After [Appellant] was taken into custody, he was interviewed by Detective Timothy Rush. [Appellant] initially told Detective Rush that he did not shoot Mr. Palmer and he was in the area of the shooting because he had to go to the bathroom. [Appellant] claimed he became tired and laid down in the area where he was arrested. He also denied shooting Mr. Palmer. After being confronted with the evidence that had been developed in this case, [Appellant] advised Detective Rush that he didn’t want to go back to prison. He also asked Detective Rush “how much time [he] would get” if he were convicted of the charges relating to this incident.

Gun[]shot residue was found on [Appellant]’s right hand, front and back.

Trial Court Opinion (“TCO”), 1/17/18, at 2-4.

On September 17, 2014, the Commonwealth charged Appellant with

attempted homicide, two counts of aggravated assault, person not to possess

a firearm, and recklessly endangering another person. On May 1, 2015,

Appellant filed a motion to suppress, contending that Ms. Riemenschneider’s

initial identification of Appellant was unduly suggestive and unreliable. See

Motion to Suppress, 5/1/15, at 2 ¶ 6. Appellant also argued that, as a result,

her subsequent identification of Appellant at the preliminary hearing was

tainted by the ostensibly unlawful prior identification. Id. at 3 ¶ 10.

-3- J-A20013-18

The trial court held a suppression hearing on May 11, 2015. On August

3, 2015, the court issued an order denying Appellant’s motion to suppress.

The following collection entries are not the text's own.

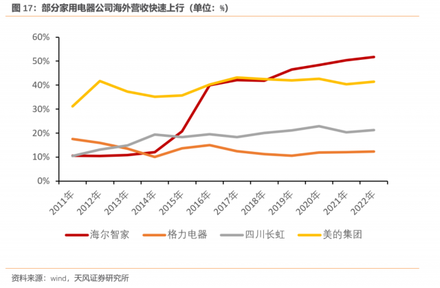 家电的出海早于汽车。美的集团、海尔智家等家电企业的海外营收占比从2013年的37.3%和10.9%稳步提升至2022年的41.5%和51.8%。依靠海外营收,海尔智家的营收规模已经超过海外营收占比12.3%的格力电器,成为家电行业营收第二的公司。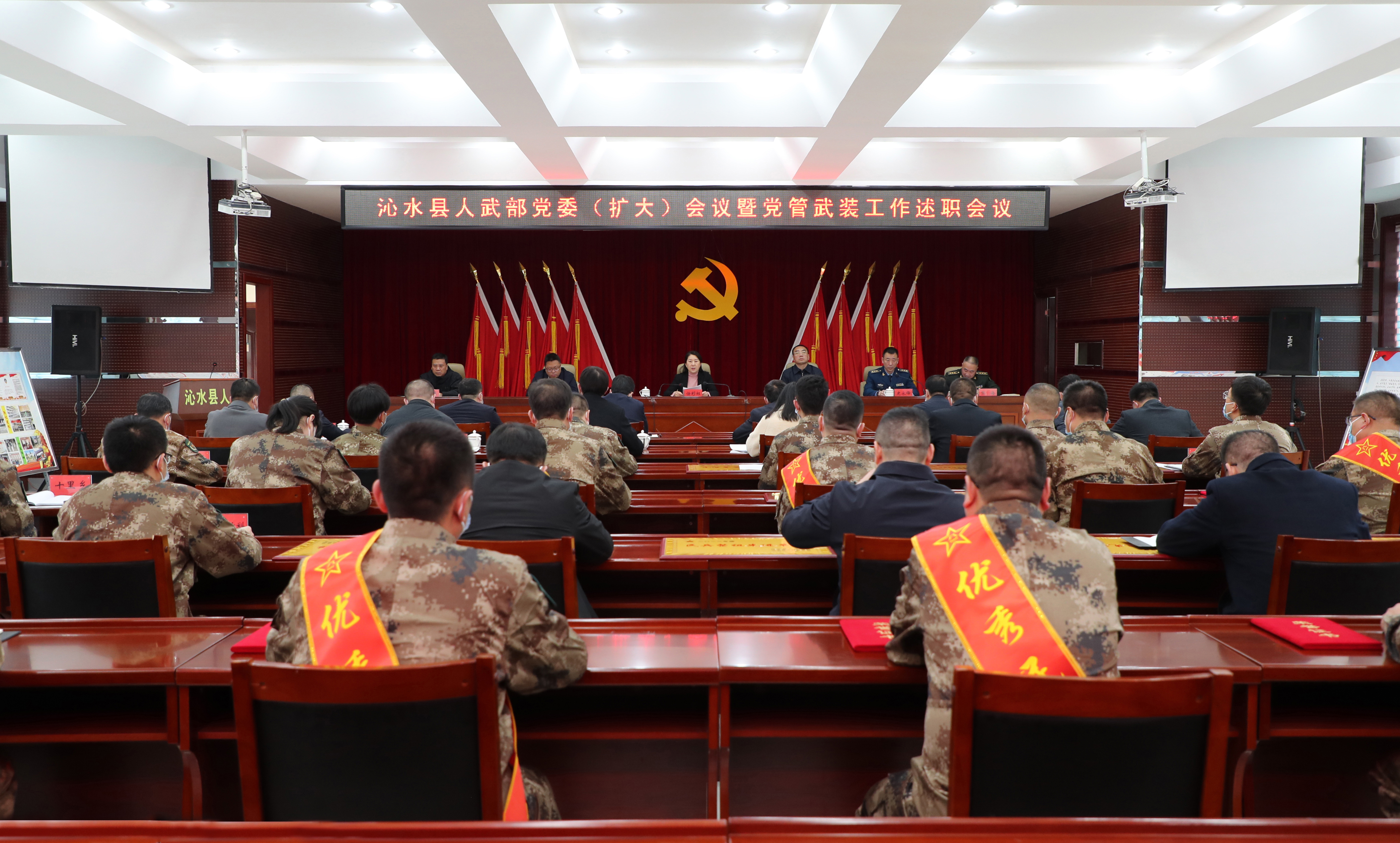 (本网讯)3月1日,县人武部党委(扩大)会议暨党管武装工作述职会议召开。会议以习近平新时代中国特色社会主义思想为指导,深入贯彻习近平强军思想,全面落实省军区、军分区党委(扩大)会议精神,总结2022年工作,部署2023年重点任务。县委书记、县人武部党委第一书记任彩虹出席会议并讲话。县委副书记王东胜,县委常委、常务副县长李小斌出席会议。县委常委、县人武部政治委员史永锋主持会议。副县长刘勇、县人武部部长张海出席会议。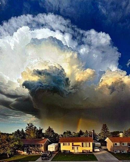 加拿大男子拍攝龍卷風(fēng)來時烏云伴彩虹奇景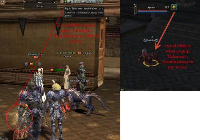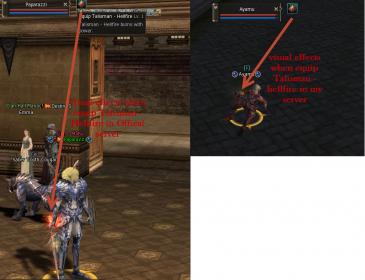 i have the visual effect when equip talisman - annihilation in offical server and our server (as file 01 ) and talisman - hellfire (as file 02)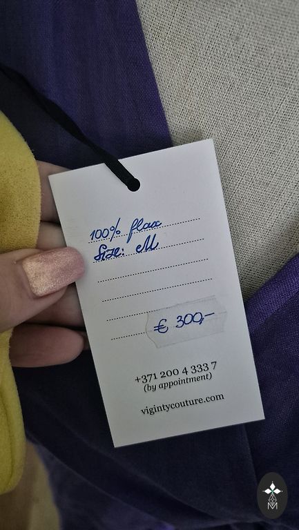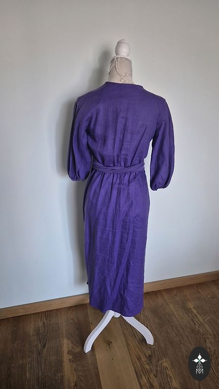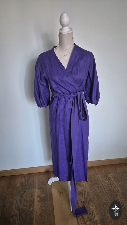Riktīgi smuka lina kleita, kā radīta mūsu vasarai vai spilgtām silto zemju ceļojumu atmiņām. Kleita ir uzmērīta, jauna. Garums no apkakles ap 90cm, krūtīs ap 58, tālāk jau aiziet platumā un bruncītī. Apdruka sietspiedē. Oriģināldarbs.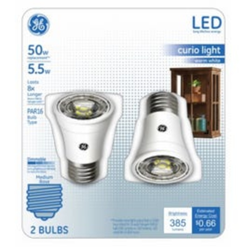 GE, 2 Pack, LED6DP16CUR-OT2P, 5.5W, Warm White Light Color, Clear Bulb Color, Par16 Shape, Spot LED Light Bulb, Equivalent To A 50W Incandescent, 10 Degree Beam, Medium Base, Dimmable, 385 Lumens, 3,000 Kelvin Color Temperature, CRI = 80, 13 Year, 15,000 Hours Rated Life, MOL = 2.70″, Curio Light, Carded.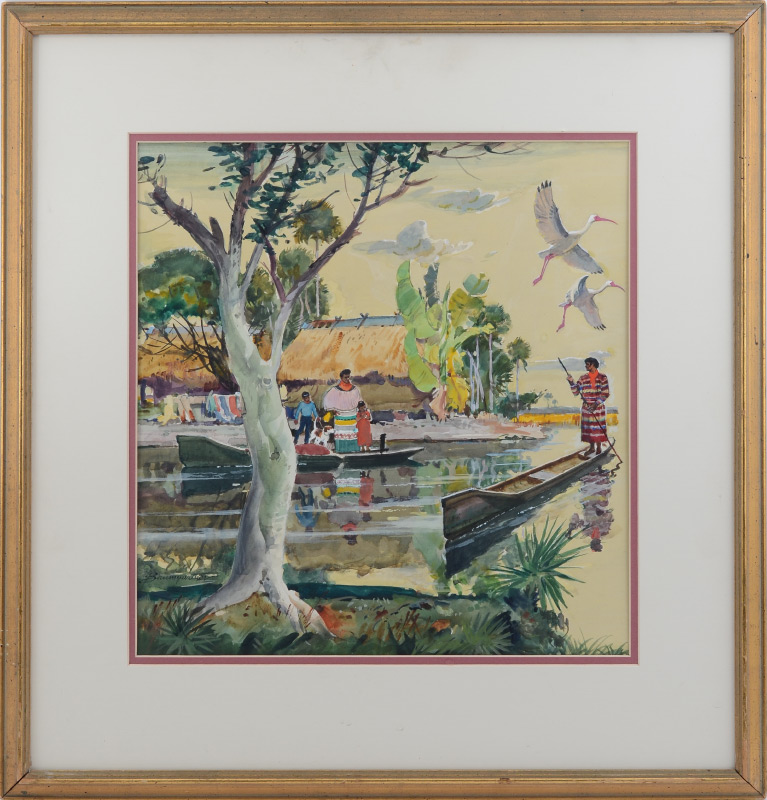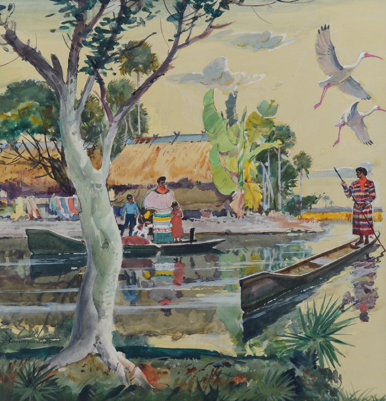 BAUMGARTNER, Warren (American, 1894-1963): Seminole Indian Village, Watercolor, sight size, 15.25'' x 15'', signed lower left, framed without glass, 24.25'' x 22.75''.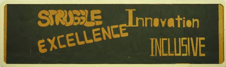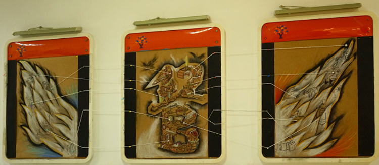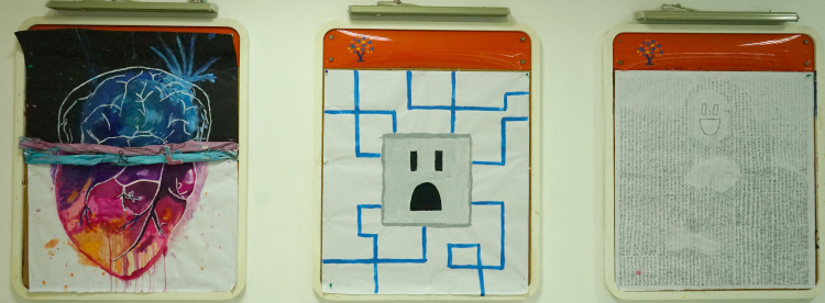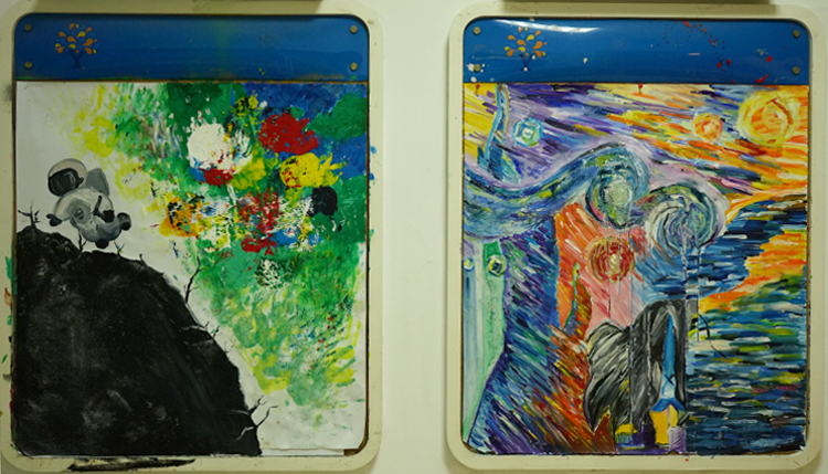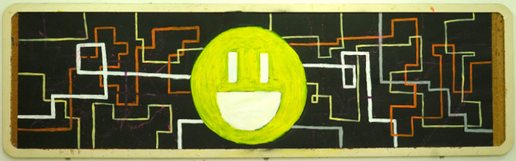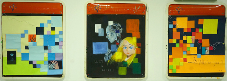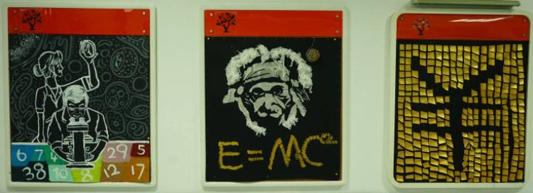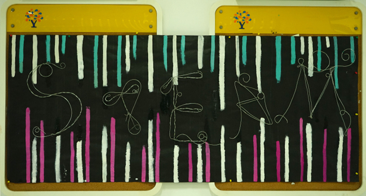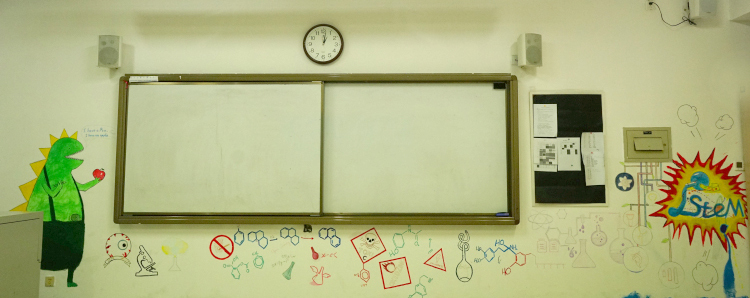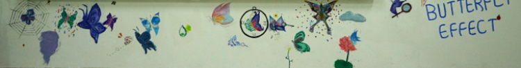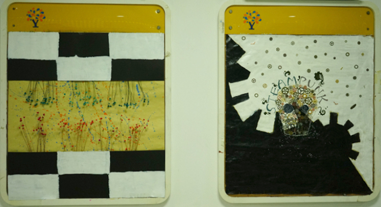 外墙板报我们则选择了STEAMPUNK蒸汽朋克来作为主题,灵感来源于艺术与科学。蒸汽朋克是中学生人文特质的体现,是一种独特的艺术风格,是由寻常不过的科技技术衍生转变而成的一种艺术形式,以厚重的金属质感和繁琐却利落的中性风来带给人们强烈的视觉冲击。而我们认为蒸汽朋克所谓冰冷机械的鲜活灵魂正是艺术与科学最完美的诠释。其中,STEAMPUNK中又巧妙的嵌入了本次板报设计的主题单词“STEAM”。中间我们采用机械零件,即蒸汽科技的重要元素,拼凑成一个代表PUNK的骷髅头,来凸显灵感主题。而上面书写的“STEAMPUNK”我们则选择了哥特风字体,与旁边手绘的STEAM MACHINERY的衍生图案,同时采用金属质感配色,和海报上的机械零件相呼应。图案下方的白色颗粒则是粘贴成喷绘形状的夜光粉,给人带来别样是视觉效果。背景绘制成齿轮形状分割开的黑白大面积配色,和内班后板报成为一系,配色偏向科学,又和另一个板块和内班前墙色泽大胆,浓厚活泼所代表的艺术风格形成鲜明对比,即,艺术与科学。

Appellant proceeded to a jury trial on August 29, 2016.1 On August 31, the

jury found Appellant not guilty of attempted homicide, but guilty on all

remaining counts. The trial court held Appellant’s sentencing hearing on

November 21, 2016. At that time, the court sentenced Appellant to 10-20

years’ incarceration for one count of aggravated assault, and to a consecutive

term of 2½-5 years’ incarceration for person not to possess a firearm. Also

on that date, Appellant filed a post-sentence motion. With permission of the

trial court, Appellant later amended that motion on April 12, 2017.2 Post-

sentence motions were denied on April 13, 2017. Appellant filed a timely

notice of appeal on May 11, 2017. Appellant filed a timely, court-ordered

Pa.R.A.P. 1925(b) statement on June 7, 2017. The trial court issued its Rule

1925(a) opinion on January 18, 2018.

Appellant now presents the following question for our review:

Did the trial court err by denying Appellant’s motion to suppress the eyewitness identification of [him], and all subsequent identifications, where the identification procedure used was unduly suggestive because the police made improper statements to the eyewitnesses and Appellant was presented for the one-on- one identification in handcuffs while surrounded by police? ____________________________________________

1The procedural history of this case, from August 2015 until August 2016, is not pertinent to the issues raised in the instant appeal.